■ Required work ■
Output the listing verbatim, leaving out every picture.

■ Data block ■
═══
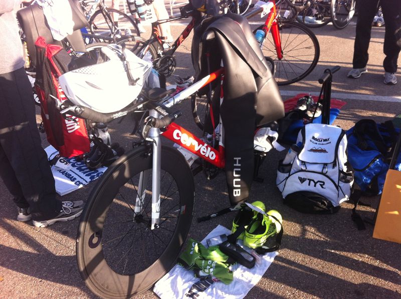 Comments: The bike course was a short 10 miles which had a some tight turns on the way out and way in which left closer to 8-9 miles to really open up on. It was difficult getting around people for the first few miles and I felt rather constricted on the bike. Naturally the Carbon Six 90s where performing awesome and with about 200 feet of climbing for the first 5 miles the relatively flat course should have been very fast. I turned in a 26:48 min time over the 10 miles for a 22.5mph average which while numerically slow was in the top overall for the route and conditions. The last mile or two was twisty and turny on a side walk with a number of 90° turns really ruined the average and with the narrow shoulder & gravel made passing a challenge. I suspect getting out of the water a few minutes faster would have saved me a bunch of time on the bike over all. ![]() Transition 2
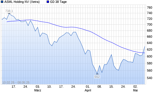 Mit dem Anstieg auf 609,80 EUR hat die ASML Holding-Aktie am 07.05.2025 die 38-Tage-Linie nach oben gekreuzt.Die ASML Holding-Aktie befindet sich seit dem 22.08.2024 im ...weiterlesen
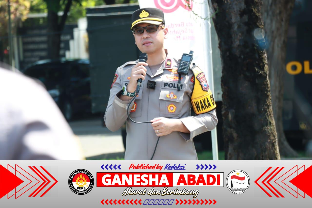 Sebelum massa aksi tiba, Wakapolres Gresik Kompol Shabda Purusha Putra memimpin apel pengamanan dan menegaskan bahwa tugas aparat adalah memberi pelayanan, bukan membatasi ruang demokrasi buruh.
═══
■ Problem solution ■
 Comments: The bike course was a short 10 miles which had a some tight turns on the way out and way in which left closer to 8-9 miles to really open up on. It was difficult getting around people for the first few miles and I felt rather constricted on the bike. Naturally the Carbon Six 90s where performing awesome and with about 200 feet of climbing for the first 5 miles the relatively flat course should have been very fast. I turned in a 26:48 min time over the 10 miles for a 22.5mph average which while numerically slow was in the top overall for the route and conditions. The last mile or two was twisty and turny on a side walk with a number of 90° turns really ruined the average and with the narrow shoulder & gravel made passing a challenge. I suspect getting out of the water a few minutes faster would have saved me a bunch of time on the bike over all. ![]() Transition 2
 Mit dem Anstieg auf 609,80 EUR hat die ASML Holding-Aktie am 07.05.2025 die 38-Tage-Linie nach oben gekreuzt.Die ASML Holding-Aktie befindet sich seit dem 22.08.2024 im ...weiterlesen
 Sebelum massa aksi tiba, Wakapolres Gresik Kompol Shabda Purusha Putra memimpin apel pengamanan dan menegaskan bahwa tugas aparat adalah memberi pelayanan, bukan membatasi ruang demokrasi buruh.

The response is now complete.